На маяке

Шум прибоя успокаивал, сливаясь в столь желанный звуковой фон, что вроде музыки затмевает все насущные дела и заботы. Да и какие на маяке могут быть заботы, скажите вы и по-своему будете правы. Ворчливое, всеобъемлющее синее море во время осенней хандры становилось серым и гул его волн делался мрачным и торжественным, словно музыка в католическом храме. Волны с яростью набрасывались на берег, будто хотели смыть маяк в море, утянуть его на дно, отдать на расправу жителям морского дна. Но годы шли, а маяк оставался на отведённом ему месте.
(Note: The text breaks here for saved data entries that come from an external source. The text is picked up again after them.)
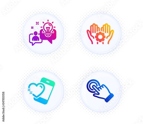 Idea, Heart and Employee hand icons simple set. Button with halftone dots. Touchscreen gesture sign. Solution, Love call, Work gear. Click hand. People set. Gradient flat idea icon. Vector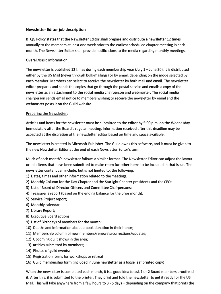 Newsletter Editor job description BTG Policy states that the Newsletter Editor shall prepare and distribute a newsletter 12 times annually to the members at least one week prior to the earliest scheduled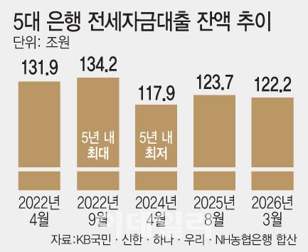 [이데일리 양희동 기자] 이재명 정부의 강도 높은 가계대출 규제 여파로 5대 은행의 전세자금대출이 지난해 9월 이후 7개월 연속 감소세를 나타내고 있다. 전세자금대출 잔액은 윤석열 정부 초기인 2022년 상반기 약 132조원에서 올 3월 122조원대로 감소했다. 여기에 금융당국이 다주택자에 이어 비거주 1주택자에 대한 규제까지 시작할 경우 전세 대출 문턱은 한층 높아져, 은행들은 안정적 가계대출 수익원에 타격을 입을 전망이다.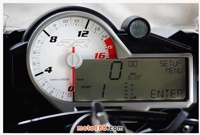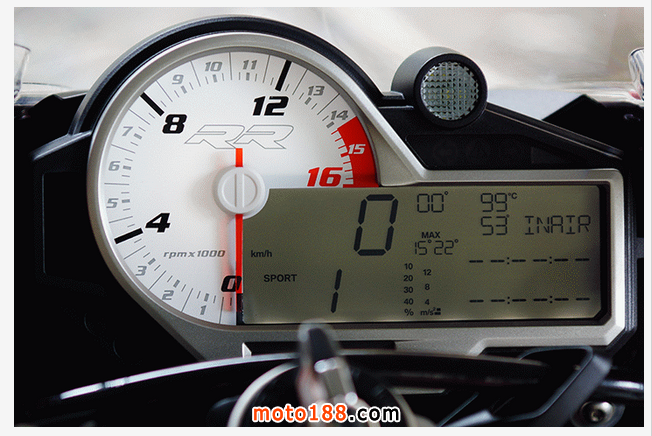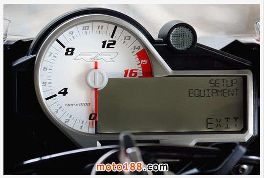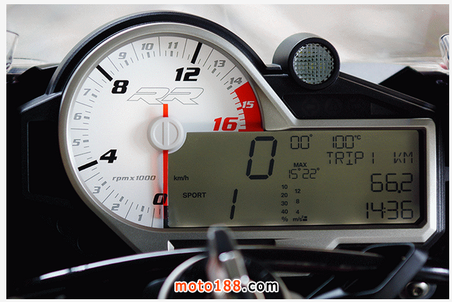 在標(biāo)準(zhǔn)模式下,只要按下左把手的 TRIP 按鈕,就可以在總里程(ODO)、剩余燃油可行駛里程(RANGE)、單趟里程 1/2 (TRIP 1/2)、平均每百公里消耗油量及平均時(shí)速等功能進(jìn)行切換,其中最實(shí)用的大概就是剩余燃油可行駛里程,因?yàn)?S1000RR 并沒有配置格數(shù)油表,所以能夠得知油箱剩余油量的方法大概就屬于這個(gè)最可行,而且這個(gè)功能顯示的里程數(shù)也還蠻準(zhǔn)確的,可以做為參考使用。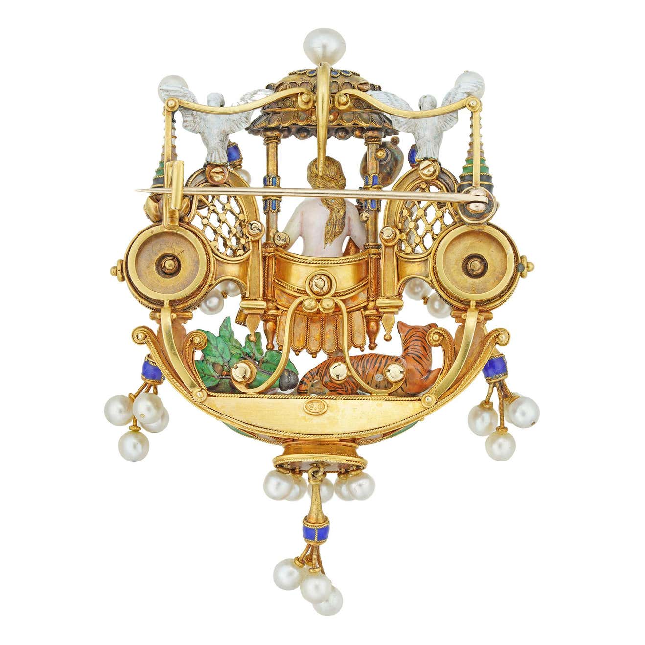 gold, enamel, diamonds, rubies, pearls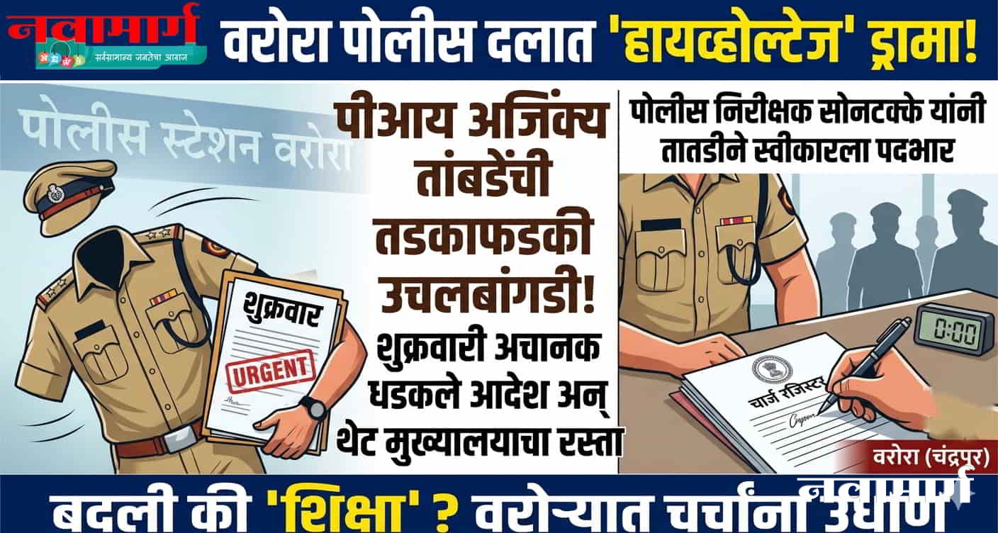 तांबडे यांच्याकडून पदभार स्वीकारल्यानंतर नवनियुक्त पोलीस निरीक्षक सोनटक्के यांनी आजपासूनच आपल्या कार्याची सूत्रे हाती घेतली आहेत. वरोरा पोलीस ठाण्याच्या शांत वातावरणात या बदलीच्या बातमीने चांगलीच खळबळ माजली आहे. तांबडे यांची बदली नेमकी कोणत्या प्रकरणामुळे झाली किंवा कोणत्या वरिष्ठ पातळीवरून हा निर्णय आला, याबाबत अद्याप अधिकृतरीत्या गुप्तता पाळण्यात येत आहे.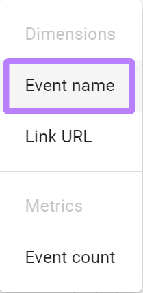 You’ll now search for the two dimensions you need for the link click report. First, search for "Event name" and toggle it on.
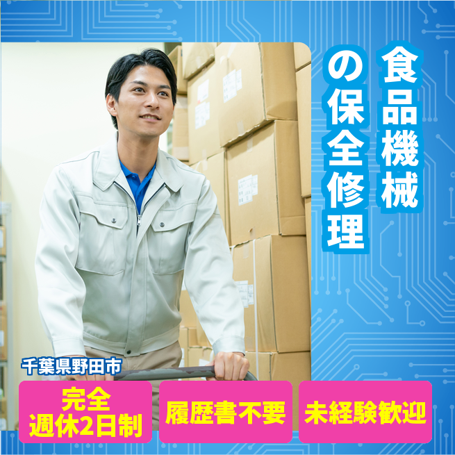 給与詳細 月収例 290,000円 日給例 14,500円 勤務地 千葉県野田市 仕事内容 ≪食品を製造する機械の保全・修理≫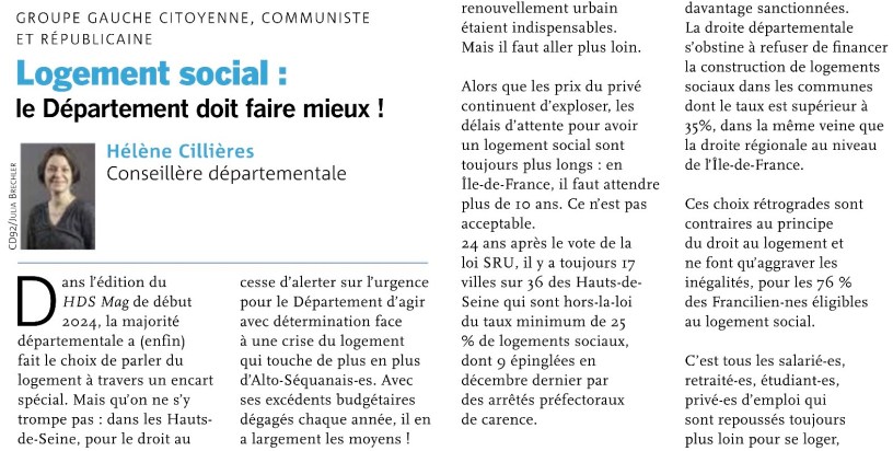 Dans l’édition du HDS Mag de début 2024, la majorité départementale a (enfin) fait le choix de parler du logement à travers un encart spécial. Mais qu’on ne s’y trompe pas : dans les Hauts-de-Seine, pour le droit au logement, le compte n’y est pas !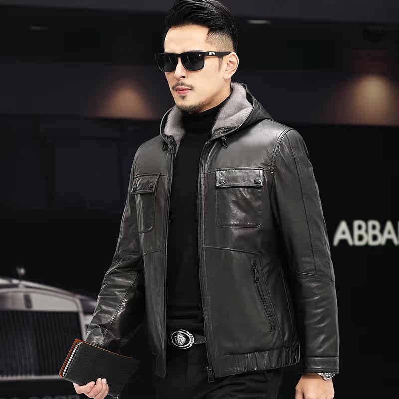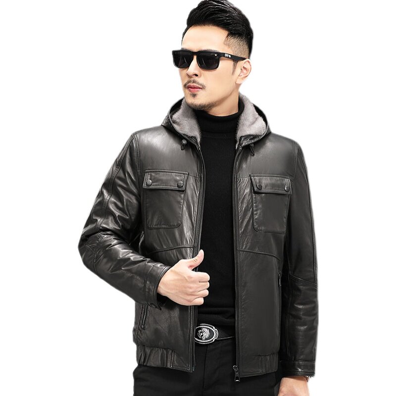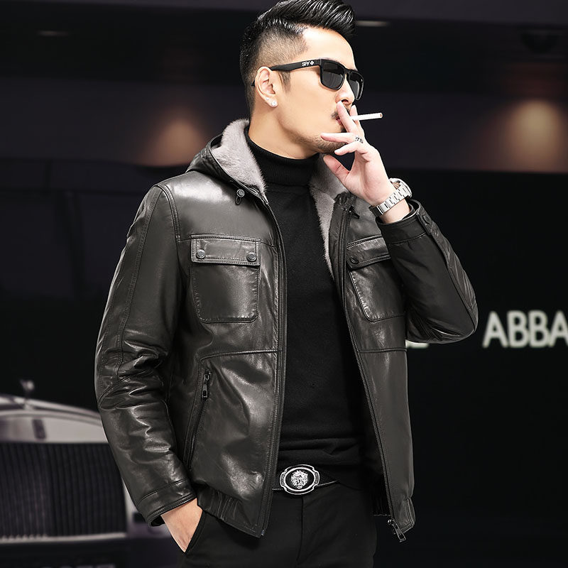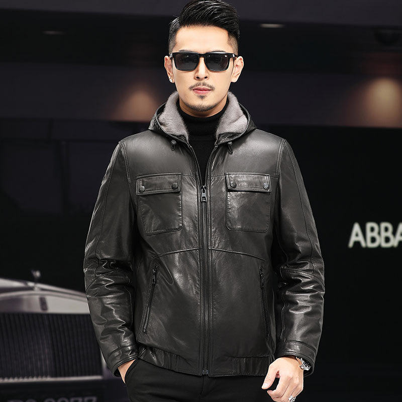 Water Mink Liner Genuine Leather Leather Clothing Men's Lianhood Cow Leather Jacket Henning Leather Hair Integrated Winter Minke Leather Jacket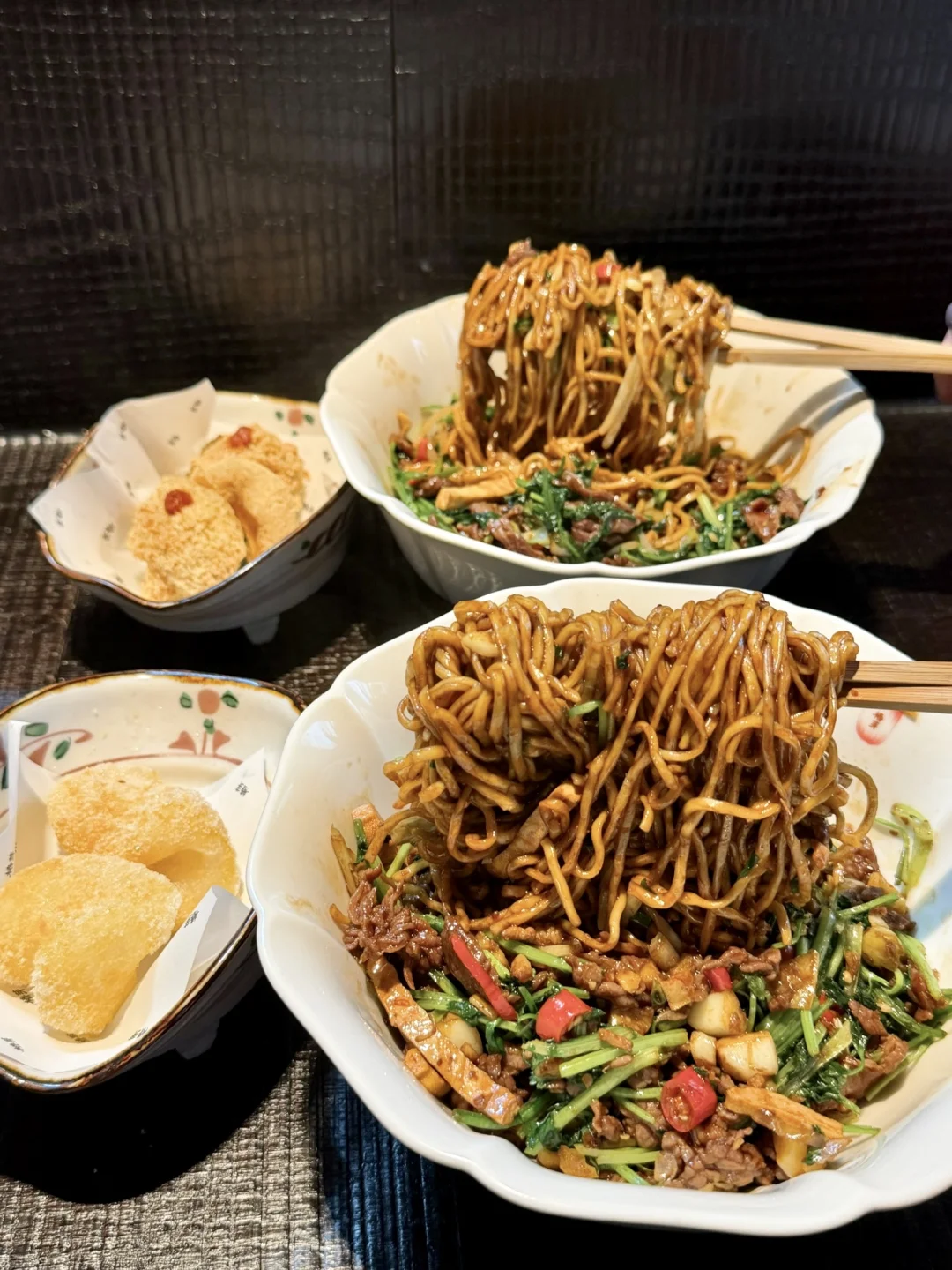 本来是跟朋友来杭州玩,偶遇这家店,没想到用到杭州的高铁票换了一个小吃!好惊喜,感觉很有人情味 谁懂来杭州的第一站就是椿芽拌川 关键是明档现炒,浇头哗啦一倒,锅气蹭蹭往上冒! 🍝香菜牛肉拌川是我的最爱❤️牛肉浓香醇厚,面条吸饱汤汁太入味了!黑松露土猪肉小笼包皮薄汁足,金灿灿的黄金芝心薯条好好吃杭州杭州探店杭州第一站吃椿芽拌川

В бухте Тревог всё оставалось неизменным, кроме, пожалуй, смотрителей маяка. Да и то, менялись они не так уж и часто. Со временем местные обитатели привыкали к каждому из них и даже поддерживали товарищеские отношения, которые к слову никогда не становились дружескими. Иногда кого-то из морских обитателей выбрасывало на берег неподалёку от маяка, то ли спасаясь от зубов акул, а то ли чего опасней. Тогда-то и требовалась помощь человека. Вот и сегодня под утро, Мартин услышал тихий скребущий звук в дверь. Вообще, в глубине души, он гордился своей дверью и как часто повторял сидя в баре «Морской чёрт» на другом берегу бухты, это единственное что отделяло один мир от другого: волшебство от науки, реальность от вымысла. Но здесь в бухте Тревог эти понятия столь тесно переплетались, что сказать наверняка было нельзя.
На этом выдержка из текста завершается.